§ **INSTRUCTIONS FOR THE TASK**: Emit a verbatim copy of the lines below from the line with "The vintage morganite" through the line with "中国的曙光服比起欧服多了个除", excluding pictures and everything outside that range.

§ **TASK DATA**:
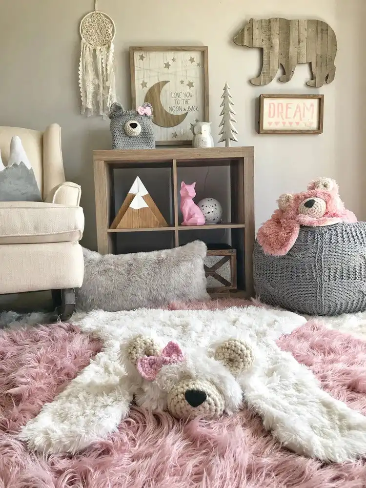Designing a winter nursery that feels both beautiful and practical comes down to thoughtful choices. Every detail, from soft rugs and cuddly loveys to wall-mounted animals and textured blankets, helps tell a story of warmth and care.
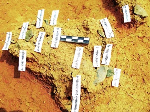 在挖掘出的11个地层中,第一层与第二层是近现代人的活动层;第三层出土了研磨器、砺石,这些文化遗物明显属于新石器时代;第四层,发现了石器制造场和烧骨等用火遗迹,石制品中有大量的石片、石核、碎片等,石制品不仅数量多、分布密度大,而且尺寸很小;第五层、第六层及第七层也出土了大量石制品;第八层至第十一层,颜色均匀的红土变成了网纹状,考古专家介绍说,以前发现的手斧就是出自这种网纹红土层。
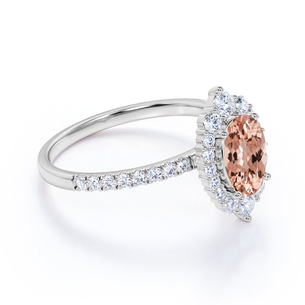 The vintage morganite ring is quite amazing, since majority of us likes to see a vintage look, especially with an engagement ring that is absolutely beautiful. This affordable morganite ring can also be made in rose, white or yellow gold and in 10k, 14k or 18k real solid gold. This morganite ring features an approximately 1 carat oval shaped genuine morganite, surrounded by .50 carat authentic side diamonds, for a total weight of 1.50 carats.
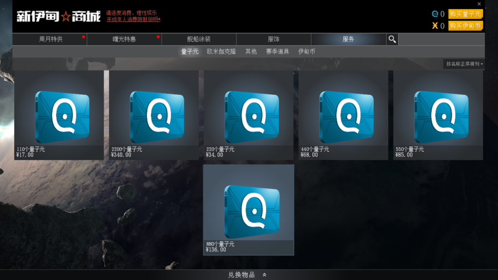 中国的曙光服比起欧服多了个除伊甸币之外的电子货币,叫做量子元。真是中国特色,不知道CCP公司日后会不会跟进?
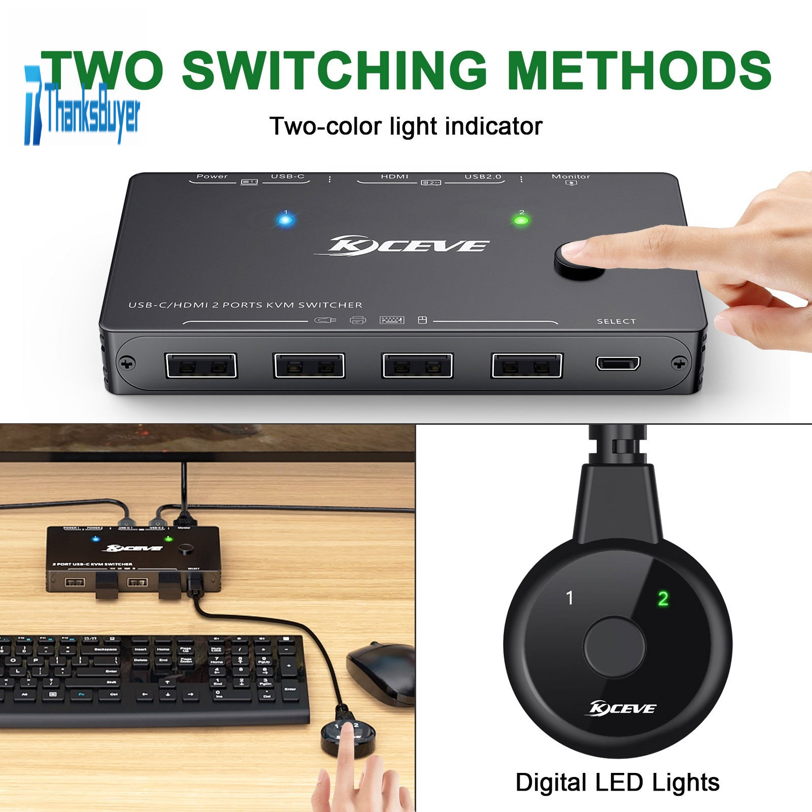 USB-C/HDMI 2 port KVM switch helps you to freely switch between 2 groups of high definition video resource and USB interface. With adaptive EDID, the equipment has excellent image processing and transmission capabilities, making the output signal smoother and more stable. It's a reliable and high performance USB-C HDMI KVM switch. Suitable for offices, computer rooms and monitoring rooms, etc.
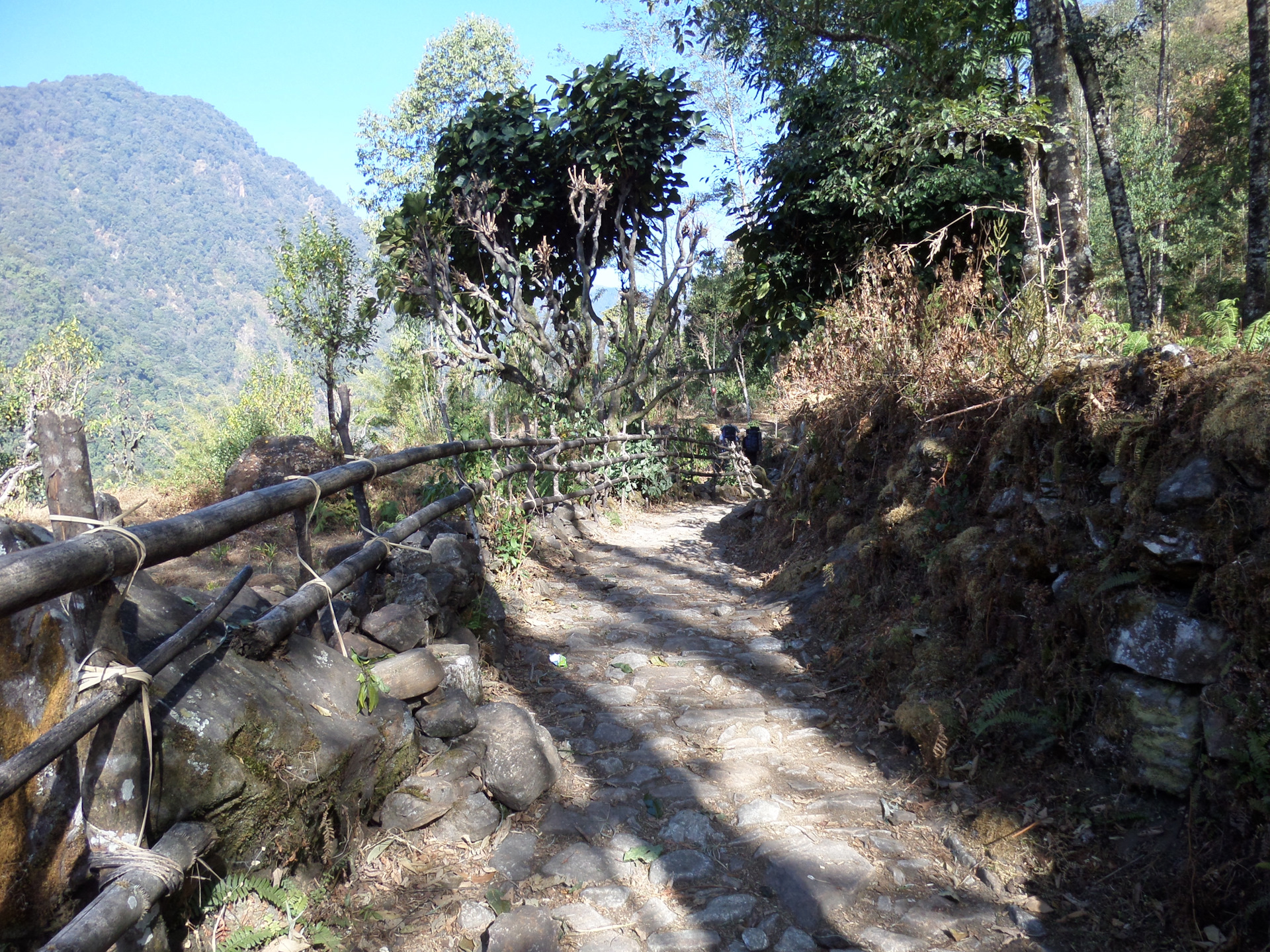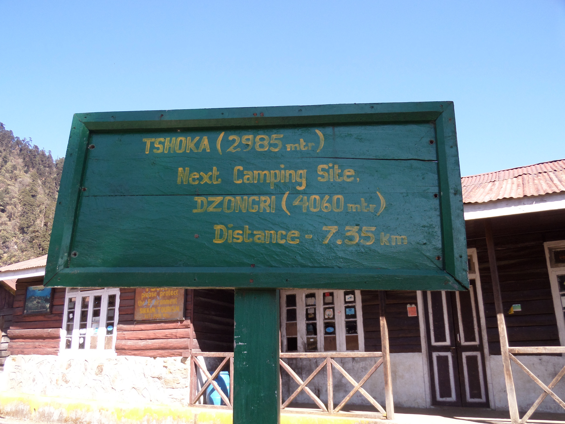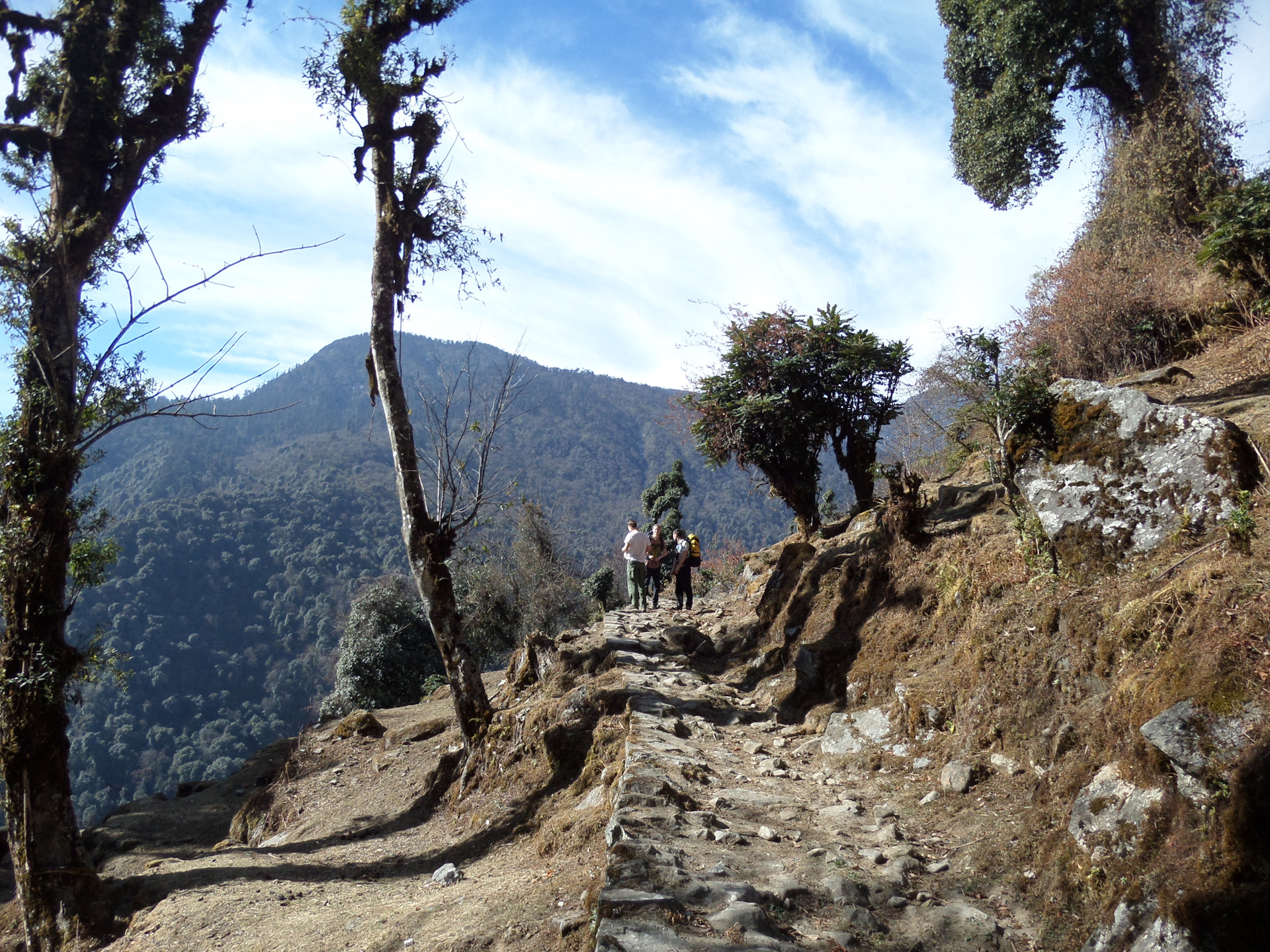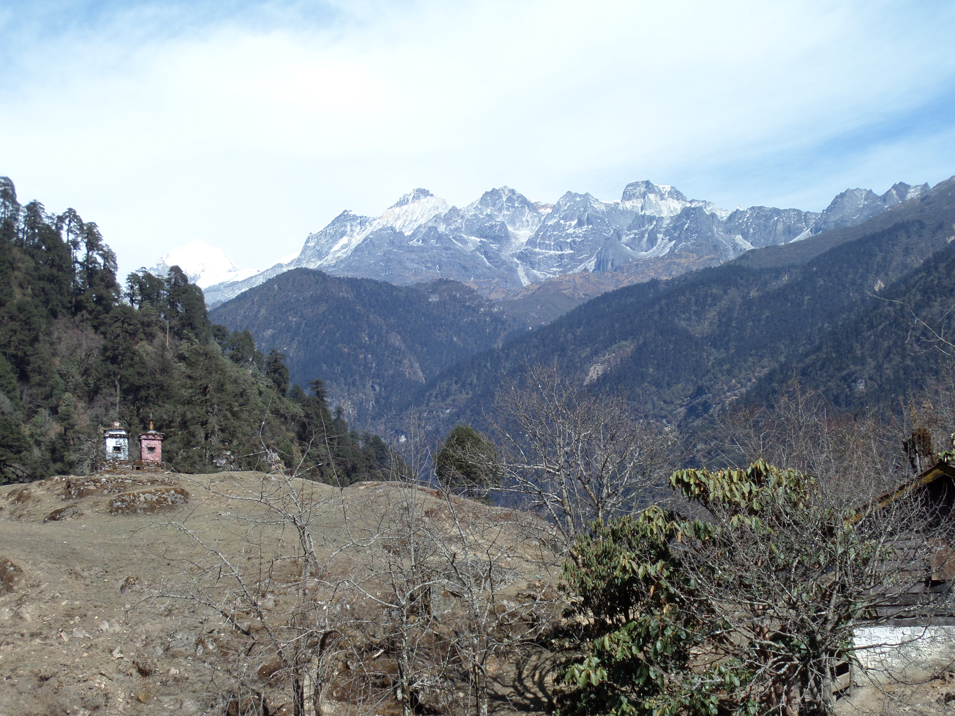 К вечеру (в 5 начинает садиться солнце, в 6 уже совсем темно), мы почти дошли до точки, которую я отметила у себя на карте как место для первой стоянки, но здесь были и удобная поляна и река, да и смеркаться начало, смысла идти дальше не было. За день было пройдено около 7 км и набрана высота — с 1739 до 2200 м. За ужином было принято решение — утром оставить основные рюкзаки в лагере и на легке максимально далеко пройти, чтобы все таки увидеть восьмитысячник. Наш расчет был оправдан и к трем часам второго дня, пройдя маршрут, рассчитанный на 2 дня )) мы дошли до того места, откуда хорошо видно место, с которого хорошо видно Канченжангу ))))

§ **OUTPUT**:
 The vintage morganite ring is quite amazing, since majority of us likes to see a vintage look, especially with an engagement ring that is absolutely beautiful. This affordable morganite ring can also be made in rose, white or yellow gold and in 10k, 14k or 18k real solid gold. This morganite ring features an approximately 1 carat oval shaped genuine morganite, surrounded by .50 carat authentic side diamonds, for a total weight of 1.50 carats.
 中国的曙光服比起欧服多了个除伊甸币之外的电子货币,叫做量子元。真是中国特色,不知道CCP公司日后会不会跟进?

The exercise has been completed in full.